2. A wood-pellet cogeneration unit according to claim 1, characterized in that the ash is sucked together with the exhaust gas through the exhaust gas recuperator and a condensing heat exchanger arranged downstream of the same, with such a high flow speed being maintained that ash particles cannot accumulate on the heat exchanger walls;the ash particles are mixed in the condensing heat exchanger with the condensed wither obtained there, with the soluble parts dissolving in the condensed water and the non-soluble parts being scavenged and removed with the condensed water and the exhaust gas flow;as a result of the thorough mixture of exhaust gas, ash particles and condensed water, even fine particles are washed out of the exhaust gas.
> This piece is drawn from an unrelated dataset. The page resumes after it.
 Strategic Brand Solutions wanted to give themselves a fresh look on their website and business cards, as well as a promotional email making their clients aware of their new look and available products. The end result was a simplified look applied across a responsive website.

3. A wood-pellet cogeneration unit according to claim 1 or 2, characterized in that the mixture of exhaust gas, condensed water and ashes is separated before or after the side channel blower in an exhaust-gas/condensed water separator such as a cyclone.
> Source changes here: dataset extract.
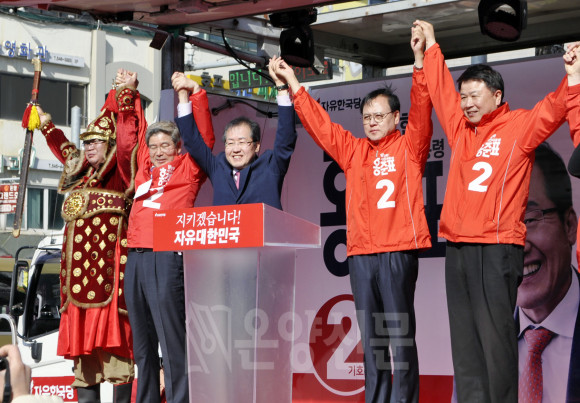 À̳¯ ´ë´Ù¼öÀÇ ÁöÁöÀÚµéÀº ¾î¸£½ÅµéÀ̾ú°í, È« Èĺ¸´Â Ãæ³²±ÇÀ» µ¹¸ç º¸¼öÃþ°ú Áßµµ º¸¼öÃþÀ» ²¸¾È±â À§ÇØ ³ë·ÂÇÒ °ÍÀ» ¹àÇû´Ù.
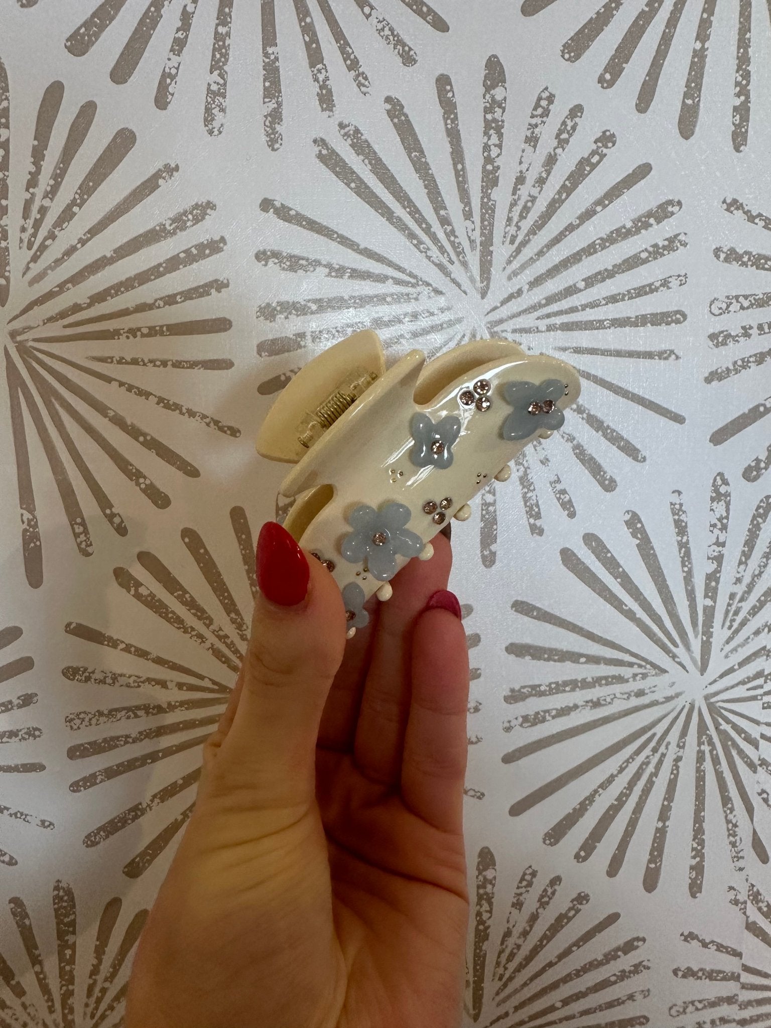 The Butterfly Claw Clip is a charming and elegant hair accessory designed to bring a touch of whimsy and sophistication to any hairstyle. Featuring a delicate butterfly design adorned with subtle floral patterns and sparkling rhinestones, this clip combines playful sweetness with timeless style. It’s perfect for adding a graceful accent to everyday looks or dressing up your hair for special occasions.

4. A wood-pellet cogeneration unit according to claim 3, characterized in that ash particles which subside in the potential vortex in the combustion chamber are stirred up again by air jets or exhaust gas recirculation from air nozzles arranged in the floor of the combustion chamber.
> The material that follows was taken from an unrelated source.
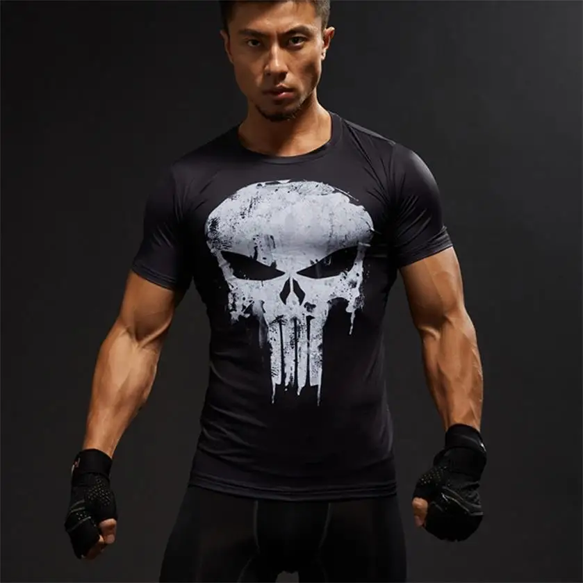 Marvel 2019 Каратель тренажерный зал Спортивная футболка Для мужчин короткий рукав Футболка мужская футболка Капитан Америка Супермен Облегающ...

5. A wood-pellet cogeneration unit according to claim 4, characterized in that control is made in such a way that the momentary burner output of the gas burner is regulated through the speed of the side channel blower and is only determined by the heater head temperature of the stirling engine and the lambda value and the fuel supply are also independent of the momentary burner output, with the lambda value being regulated by adjustment of the quantity ratio of primary air to secondary air and the pellet supply being regulated by a light sensor by monitoring the reflection of the brightness of the upper side of the bed of embers.

6. A wood-pellet cogeneration unit according to claim 5, characterized in that the recuperator and the condensing heat exchanger are placed with their heat exchanger surfaces in a concentric manner about the combustion chamber and integrated in the heat insulation.

7. A wood-pellet cogeneration unit according to claim 4, characterized in that the recuperator and the condensing heat exchanger are placed with their heat exchanger surfaces in a concentric manner about the combustion chamber and integrated in the heat insulation.

8. A wood-pellet cogeneration unit according to claim 3, characterized in that control is made in such a way that the momentary burner output of the gas burner is regulated through the speed of the side channel blower and is only determined by the heater head temperature of the stirling engine, and the lambda value and the fuel supply are also independent of the momentary burner output, with the lambda value being regulated by adjustment of the quantity ratio of primary air to secondary air and the pellet supply being regulated by a light sensor by monitoring the reflection of the brightness of the upper side of the bed of embers.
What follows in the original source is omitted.